Malaria, a mosquito-borne disease that kills a child every minute, has been a long-standing public health concern in many parts of the world, In Ghana, efforts to combat this disease are now ramping up with the recent approval of a malaria vaccine developed by Oxford University.
This marks a significant milestone for the university, as it is the first time that the vaccine has received regulatory approval anywhere in the world. The shot has been approved for use in children aged 5-36 months, who are at the highest risk of death from malaria.
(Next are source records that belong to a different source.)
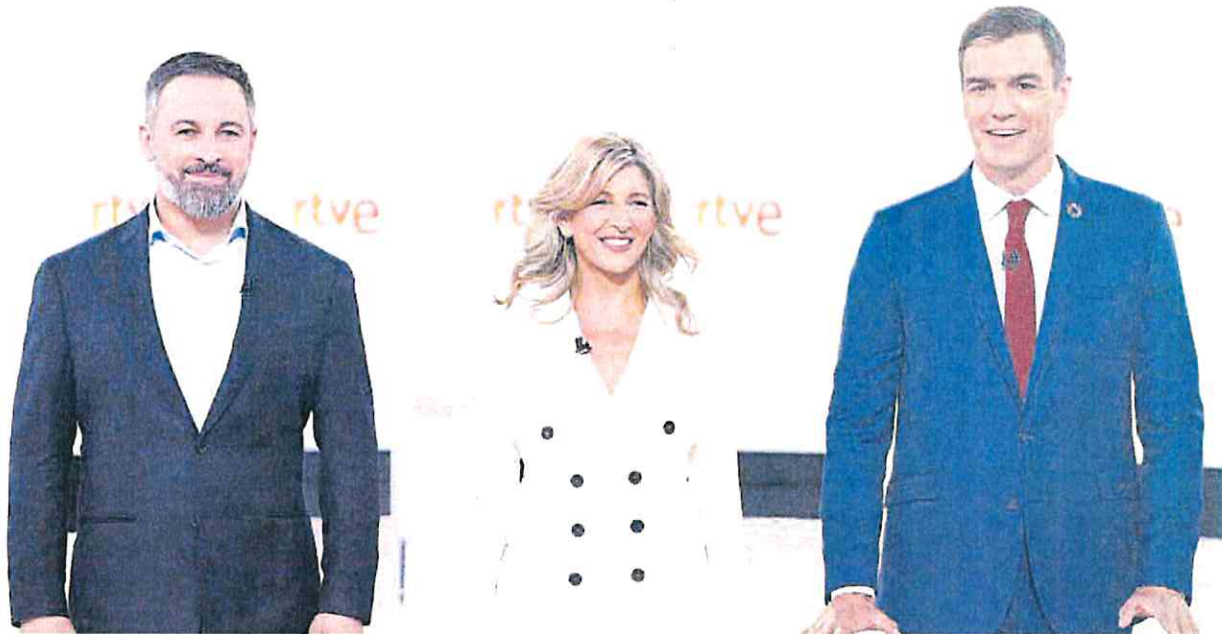
Santiago Abascal (Vox), Yolanda Díaz (Sumar) y Pedro Sánchez (PSOE), en el plató de RTVE antes de comenzar el debate.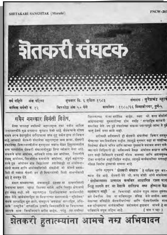
शेतकरी संघटकच्या पहिल्या अंकाचे प्रथम पृष्ठ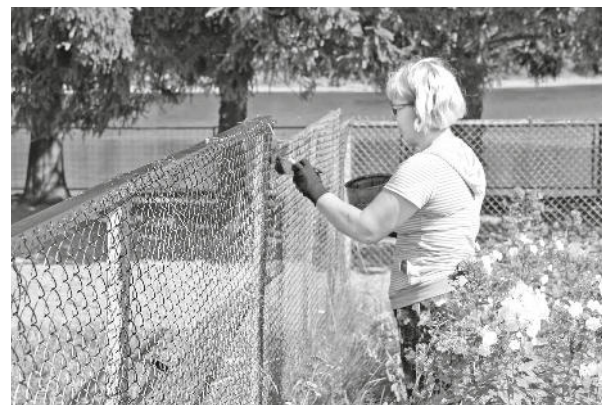
Общественные работы в Таятах: ремонт ограды памятника

– Благодаря взаимодействию центра занятости с предпринимателями района на восемь предприятий создано 27 временных рабочих места для безработных и ищущих работу граждан. Работодателям в основном требовались подсобные рабочие, грузчики, разнорабочие для проведения благоустройства. Согласно вышеуказанному нормативному акту, им гарантирована оплата труда не ниже ее минимального показателя. Центр занятости населения компенсирует работодателю расходы по заработной плате в размере минимальной. Кроме того, субсидия предусматривает финансовое возмещение на оплату налогов и сборов за принятого человека. Это нововведение окажет существенную помощь обеим сторонам договора: поддержит бизнес и позволит жителям трудоустроиться. Пока инициатива краевого правительства носит временный характер. Период уча-

According to a statement from the university, this crucial step will help Ghanaian and African children effectively combat malaria. Professor Adrian Hill, chief investigator of the R21/Matrix-M vaccine program and director of the Jenner Institute, stated that this vaccine is the culmination of 30 years of malaria vaccine research at Oxford. The high efficacy vaccine can be supplied at an adequate scale to the countries that need it the most.
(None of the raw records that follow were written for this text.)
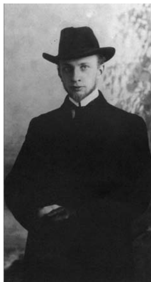
И.А.Ильин. 1910-е годы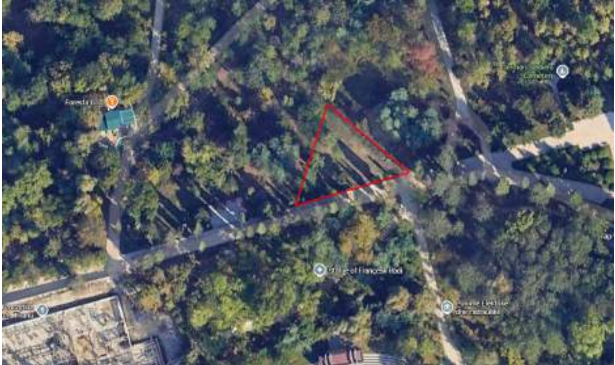
Ortofoto të gjendjes ekzistuese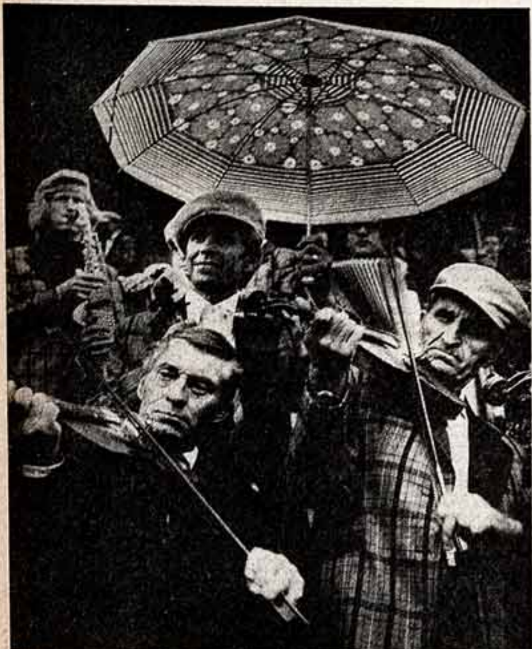
ФОТОКУРС ● П. КАТАУСКАС. «Праздничная увертюра». ● Ю. МАКСИМОВ. «Деревенский натюрморт».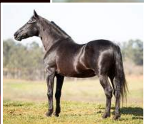
SEU AVÔ, HAITY CAXAMBUENSE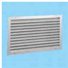
tipico griglia di ventilazione

Per quanto riguarda la disposizione e la tipologia delle aperture di ventilazione rimandiamo a quanto indicato sulla guida relativa alla ventilazione naturale dei gruppi elettrogeni in quanto valgono le stesse considerazioni ( http://www.progettazione-impianti-elettrici.it/ventilazione-naturale-del-locale.php )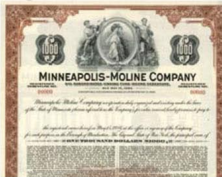
USA: Minneapolis-Moline Company

Rytina většího formátu však našla využití zejména na celé řadě cenných papírů, a to převážně formou ze Spojených států, i když jsou známy výskyty i na akcích formou z některých latinskoamerických zemí. Prvnějším nám známým použitím je na akci Minneapolis-Moline Company z roku 1883. V následující tabulce uvádíme jen některé další příklady. 120

The malaria parasite’s complicated structure and life cycle have long stymied efforts to develop vaccines. However, this vaccine is one of several efforts focused on addressing the disease that kills over 600,000 each year, with most of them being children in Africa.
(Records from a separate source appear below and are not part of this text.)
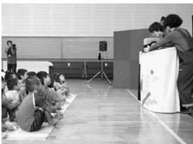
たくさんの子どもが集まる人形劇場

社会部一同、これまで以上に関係団体の皆様と共につながり、活動していきたいと思っておりますので、ご協力をお願いいたします。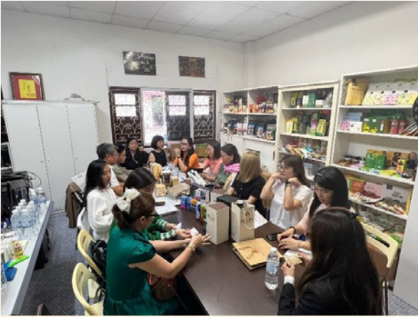
Kết nối B2B với các Doanh nghiệp tại văn phòng Tham tán Thương mại VN tại Singapore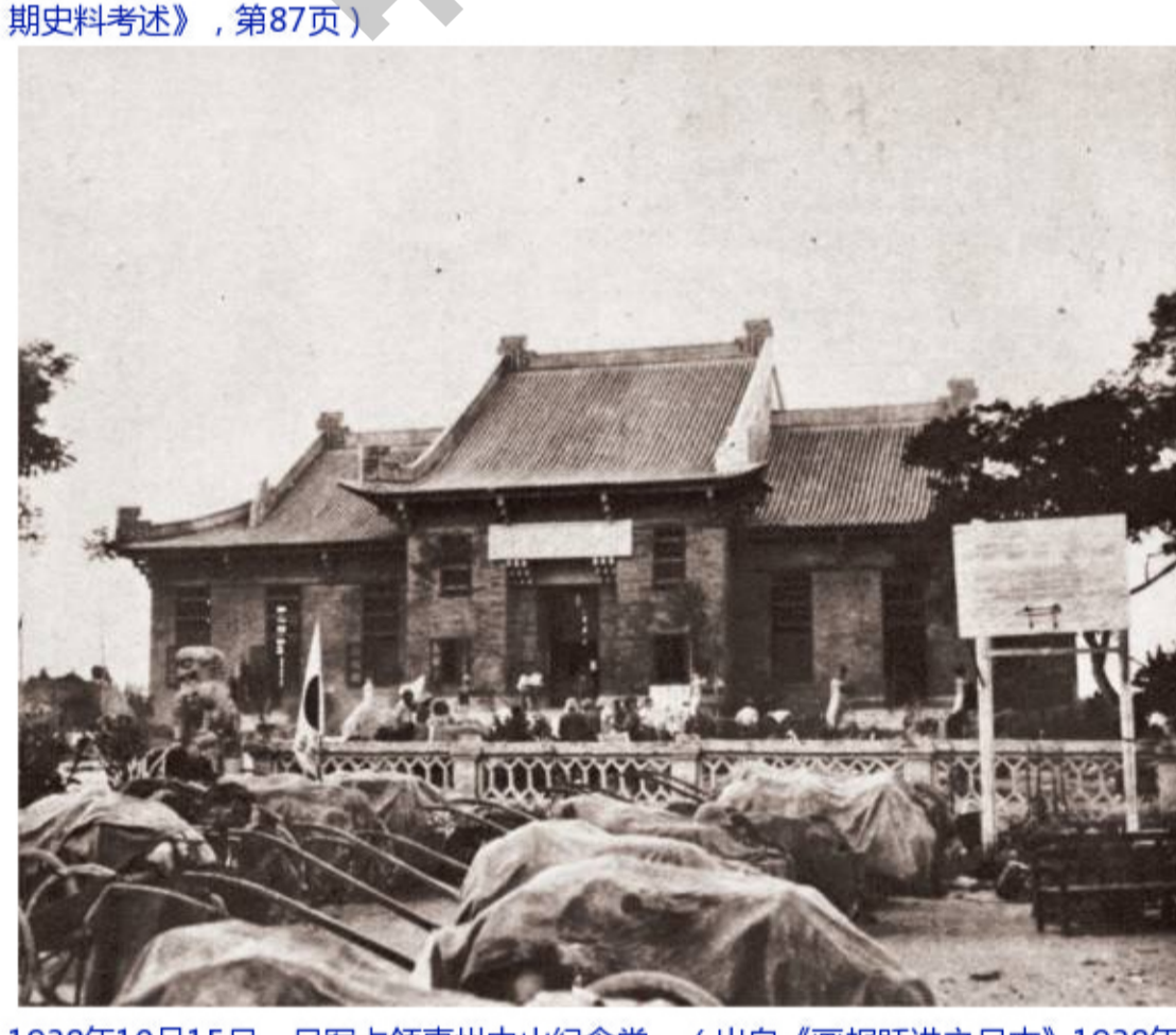
1938年10月15日，日军占领惠州中山纪念堂。（出自《画报跃进之日本》1938年广东汉口陷落号，中山市博物馆藏）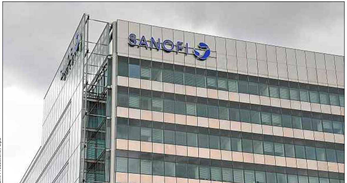
Le groupe pharmaceutique Sanofi a mis fin jeudi à une période de vacance à sa tête en nommant un nouveau patron.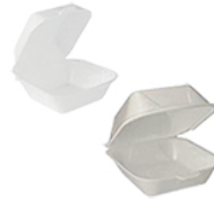
ArtNr.: 45 Burgerbox weiß IP6 groß, IP7 klein 500 Stk. / Ktn.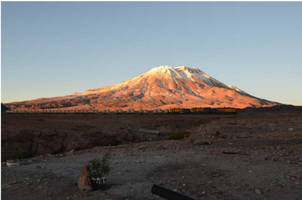
Figura 6. Vista del trazado ferroviario. Fotografía de Carolina Odone, junio 2017.

View of the train station. Photograph by Carolina Odone, June 2016.

Last year, the World Health Organization endorsed Mosquirix, the first malaria vaccine from British drugmaker GSK. However, a lack of funding and commercial potential has limited the company’s capacity to produce enough doses. Mosquirix has been administered to over a million children in Africa so far, and research shows that it has an effectiveness of around 60%. Still, protection wanes significantly over time.
In contrast, the Oxford vaccine has a manufacturing advantage thanks to a deal with Serum Institute of India to produce up to 200 million doses annually. This is significantly higher than GSK’s commitment to producing up to 15 million doses of Mosquirix every year through 2028.
Mid-stage data from the Oxford vaccine trial involving over 400 young children showed that vaccine effectiveness was 80% in the group that received a higher dose of the immune-boosting adjuvant component of the shot, and 70% in the lower-dose adjuvant group at 12 months following the fourth dose. The doses were administered ahead of the peak malaria season in Burkina Faso.
Data from an ongoing phase III clinical trial in Burkina Faso, Kenya, Mali, and Tanzania, which has enrolled 4,800 children, is expected to be published in a medical journal in the coming months. With the approval of the Oxford malaria vaccine, there is hope that this disease will soon become a thing of the past.